Exercise data

== Segment start ==

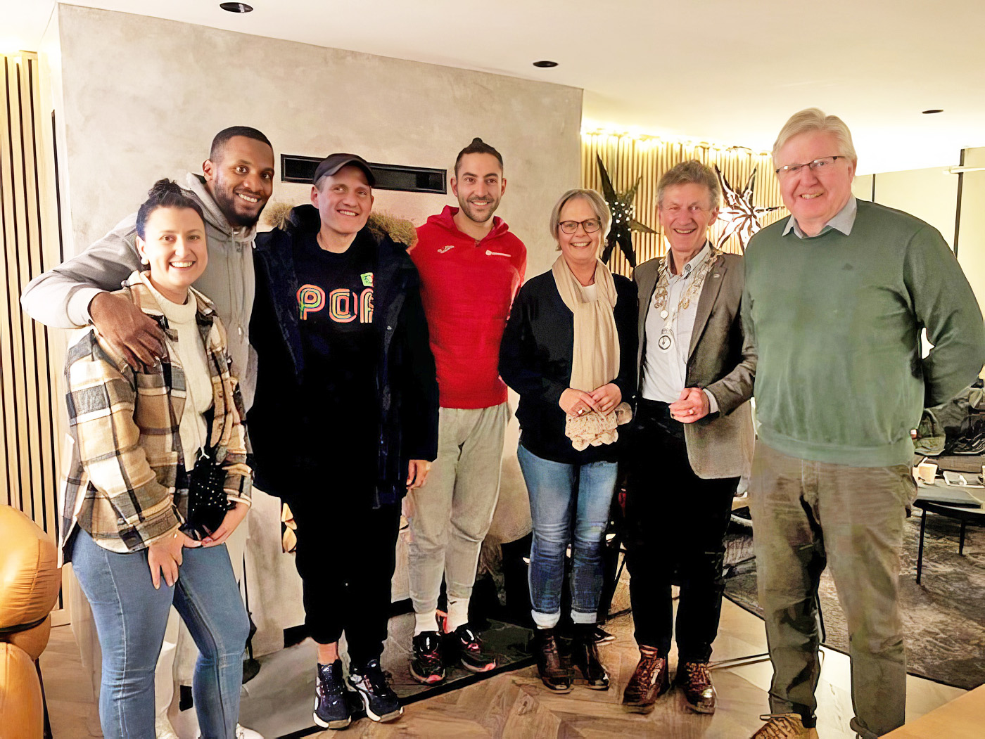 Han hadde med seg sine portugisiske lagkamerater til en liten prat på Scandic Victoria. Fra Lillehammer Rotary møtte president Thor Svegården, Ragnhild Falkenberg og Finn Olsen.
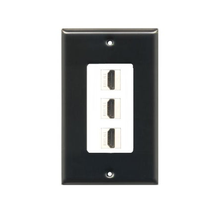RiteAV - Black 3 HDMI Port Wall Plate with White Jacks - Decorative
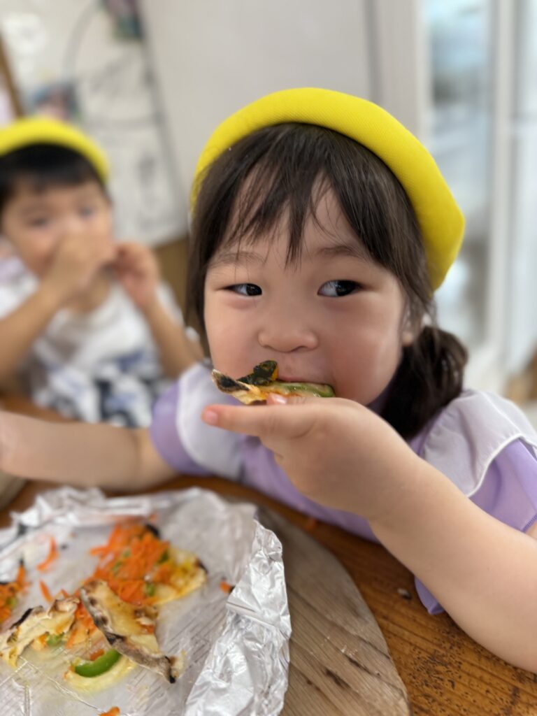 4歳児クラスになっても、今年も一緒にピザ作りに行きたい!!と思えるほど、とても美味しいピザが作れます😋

== Segment end ==
== Segment start ==

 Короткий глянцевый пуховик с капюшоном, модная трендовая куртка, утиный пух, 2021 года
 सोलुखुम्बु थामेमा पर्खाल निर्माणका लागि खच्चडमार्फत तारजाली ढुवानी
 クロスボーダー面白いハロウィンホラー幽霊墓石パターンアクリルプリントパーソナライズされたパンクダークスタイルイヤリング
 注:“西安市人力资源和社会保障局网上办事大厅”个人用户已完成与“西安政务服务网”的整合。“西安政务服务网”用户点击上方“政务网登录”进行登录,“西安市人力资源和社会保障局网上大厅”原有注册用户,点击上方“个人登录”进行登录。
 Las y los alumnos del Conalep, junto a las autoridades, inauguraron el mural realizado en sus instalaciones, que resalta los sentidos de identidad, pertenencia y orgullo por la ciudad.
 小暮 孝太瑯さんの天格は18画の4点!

== Segment end ==

Exercise
With the first line being the one containing "सोलुखुम्बु थामेमा पर्खाल" and the last line the one containing "小暮 孝太瑯さんの天格は18画の4点!", transcribe exactly the lines above that fall in that range.

Solution below
 सोलुखुम्बु थामेमा पर्खाल निर्माणका लागि खच्चडमार्फत तारजाली ढुवानी
 クロスボーダー面白いハロウィンホラー幽霊墓石パターンアクリルプリントパーソナライズされたパンクダークスタイルイヤリング
 注:“西安市人力资源和社会保障局网上办事大厅”个人用户已完成与“西安政务服务网”的整合。“西安政务服务网”用户点击上方“政务网登录”进行登录,“西安市人力资源和社会保障局网上大厅”原有注册用户,点击上方“个人登录”进行登录。
 Las y los alumnos del Conalep, junto a las autoridades, inauguraron el mural realizado en sus instalaciones, que resalta los sentidos de identidad, pertenencia y orgullo por la ciudad.
 小暮 孝太瑯さんの天格は18画の4点!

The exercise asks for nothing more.